There are joggers and people out
for horseback rides, and stands of pine trees and black birch
abound.
An early December snowfall made
the park feel like Vermont. People were out on cross-country skis
while off in the distance horns were honking beneath a steel gray
sky.
When you are in Central Park you
feel the pressure release instantly. What a wonderful interlude
our ride through this magic place always is.
We exit at 67th Street West, past
Tavern on The Green where all the trees have those little
white lights twinkling all the time.
But just across CPW on 67th is the
greatest restaurant in New York and the only place that you should
ever make certain that you visit no matter what, at least once
in this lifetime.
The place is called “Café
Des Artistes.”
What makes this place so great? Is it
the playful nudes made up as wallpaper adorning the walls of the
restaurant? Is it the food or all the rich and famous people who
frequent the establishment?

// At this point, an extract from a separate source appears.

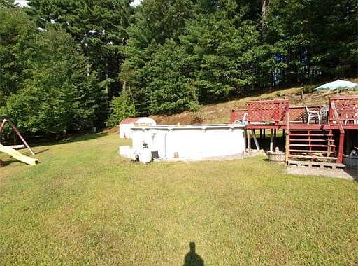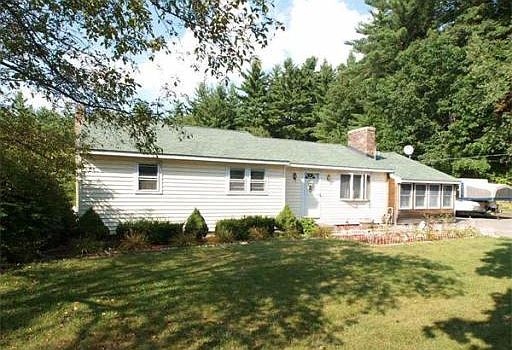 Great neighborhood setting for this surprising oversized ranch home! Sited on 1.6 private acres this home offers large rooms, 3 season porch, walk out basement with game room, above ground pool and sprawling lawns. The house has been updated to include vinyl insulated windows, vinyl siding, newer roof and heating system. The kitchen features updated cabinets, appliances and counter tops. Huge master bedroom suite added off the back offers a view of the yard, vaulted ceiling and private bath. The living room features a brick fireplace with woodstove insert. This is a great home with lots of potential!
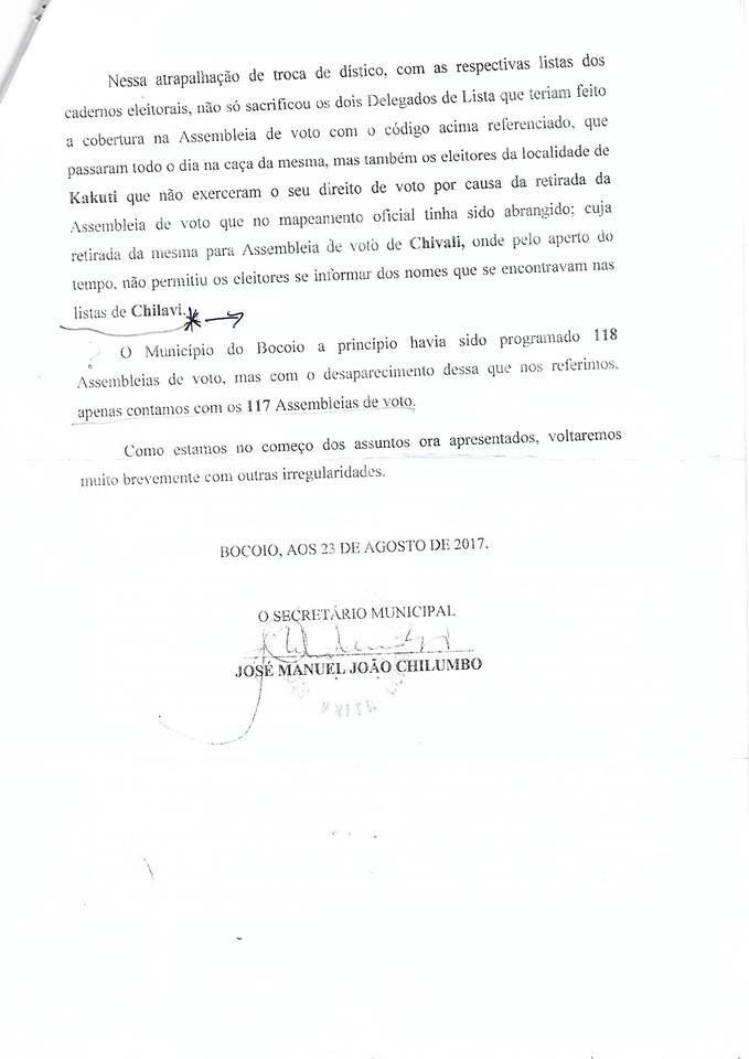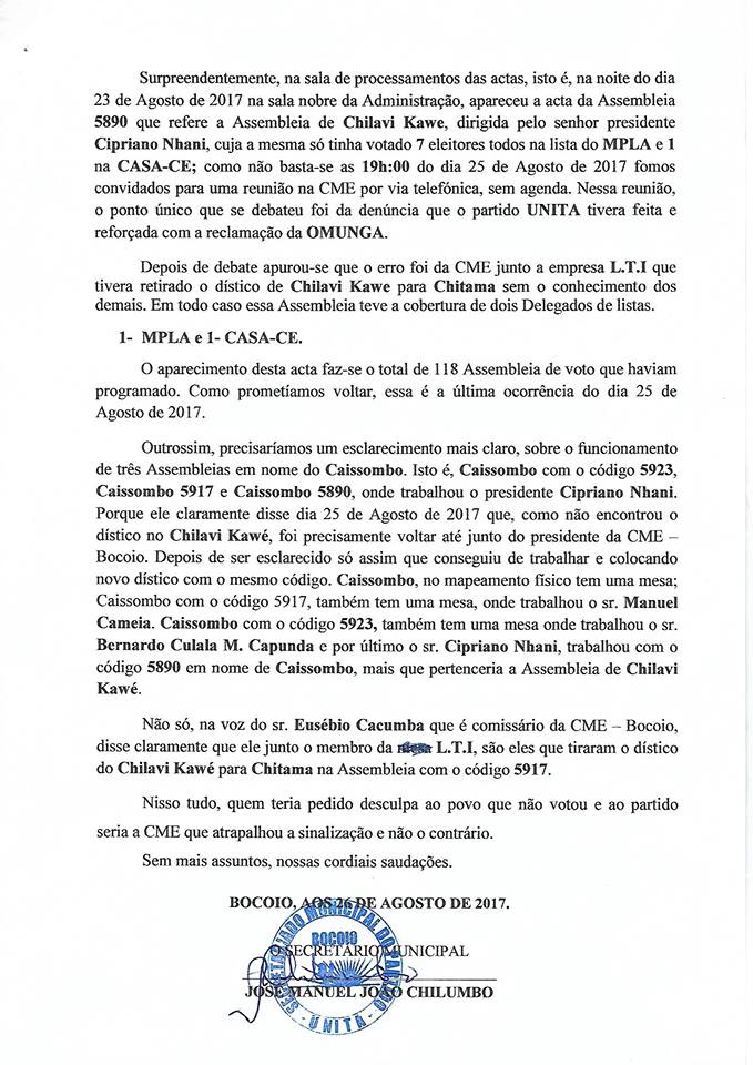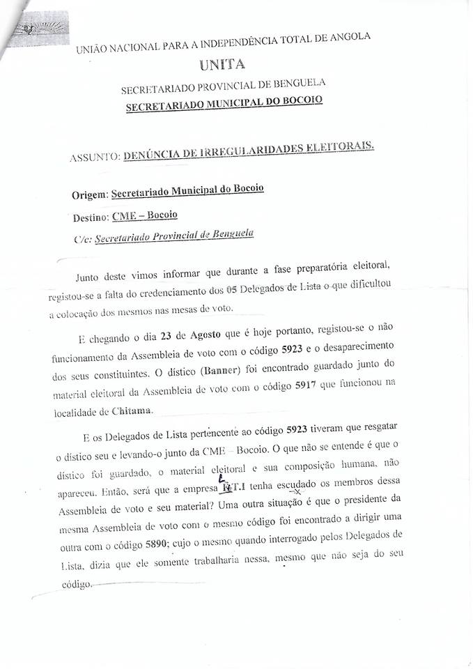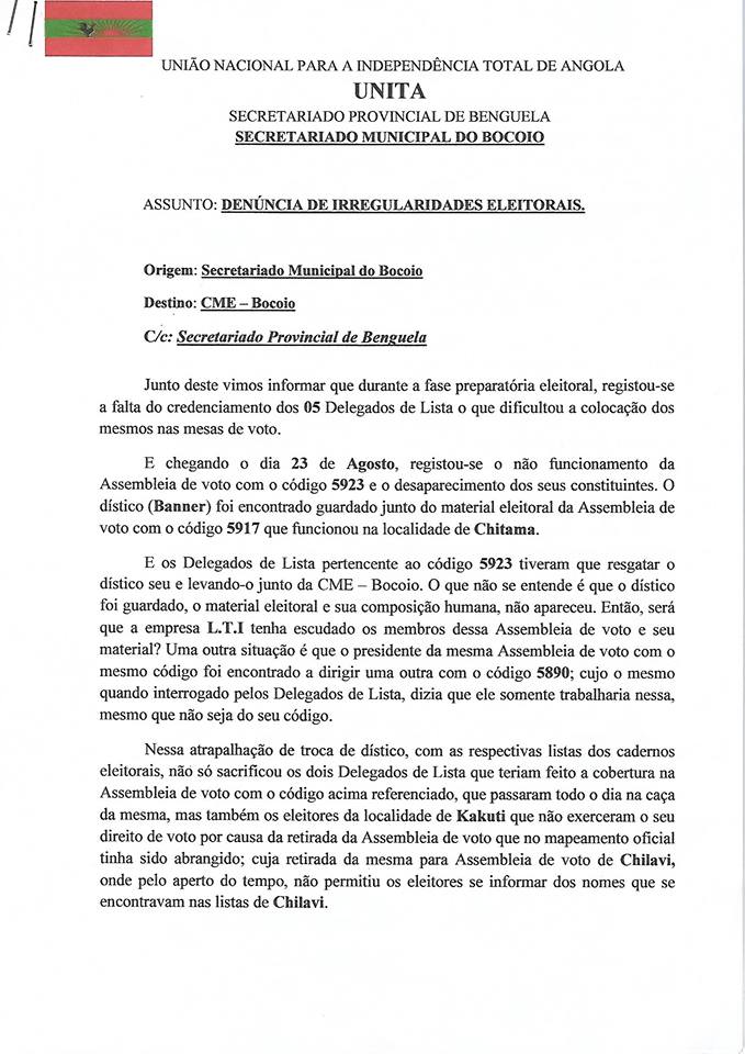 O município do Bocoio, em Benguela, está com 1.039 cidadãos que não puderam votar porque seus nomes foram transferidos a distâncias de mais de 15 km, porque houve Assembleias que não funcionaram. A Comissão Provincial Eleitoral (CPE) de Benguela está a impor um resultado que não corresponde com as actas reais que a UNITA e outros partidos de oposição obtiveram a partir das actas que seus delegados de listas trouxeram a partir das mesas de votos onde trabalharam.

Is it the price or the tough reservation
at the café?
All of the above, we think.
But don’t miss it.
We have not been able to afford
to eat there in a couple of years but the memory of our last visit
makes just being on the same street a pleasant ride.
A quick left off 67th and down Columbus
Ave past Lincoln Center for the Performing Arts and around to
Amsterdam, which is behind Lincoln, Center and we are at LaGuardia
High School.
The kids mumble their thanks just
as long as we stop where the other kids arriving by subway cannot
see that “Daddy” drove them to school and we have
moved through one of the busiest rush hours of any city in the
world in just under 40 minutes arriving usually at about 07:50.
After goodbyes, it’s uptown
on Manhattan’s west side to 81st Street and Broadway for
a takeaway coffee and croissant at Zabars.
Zabars is the greatest deli/appetizing
gourmet store in New York.
The retail part of the place is
legendary with prepared foods, cheeses and breads that are beyond
compare anywhere else.
In fact, the entire idea of top
line specialty foods, prepared foods and the rest was a fixture
at Zabars before anywhere else.
A left turn from 86th Street (at
96th Street a cop will give you a $70.00 ticket) and the bus moves
down to the Hudson River and the West Side Drive.
Some days it’s a drive a bit
inland north past the tomb of General Grant while other days its
right down to the drive which moves along the river offering a
clear view across to New Jersey and ahead to the George Washington
Bridge (GWB), the most beautiful steel arc across any New York
waterway.
We always look closely approaching
the GWB straining to see the little red light house that once
served mariners on the busy Hudson River before the bridge was
built, and still stands, although a bit overpowered in 2006.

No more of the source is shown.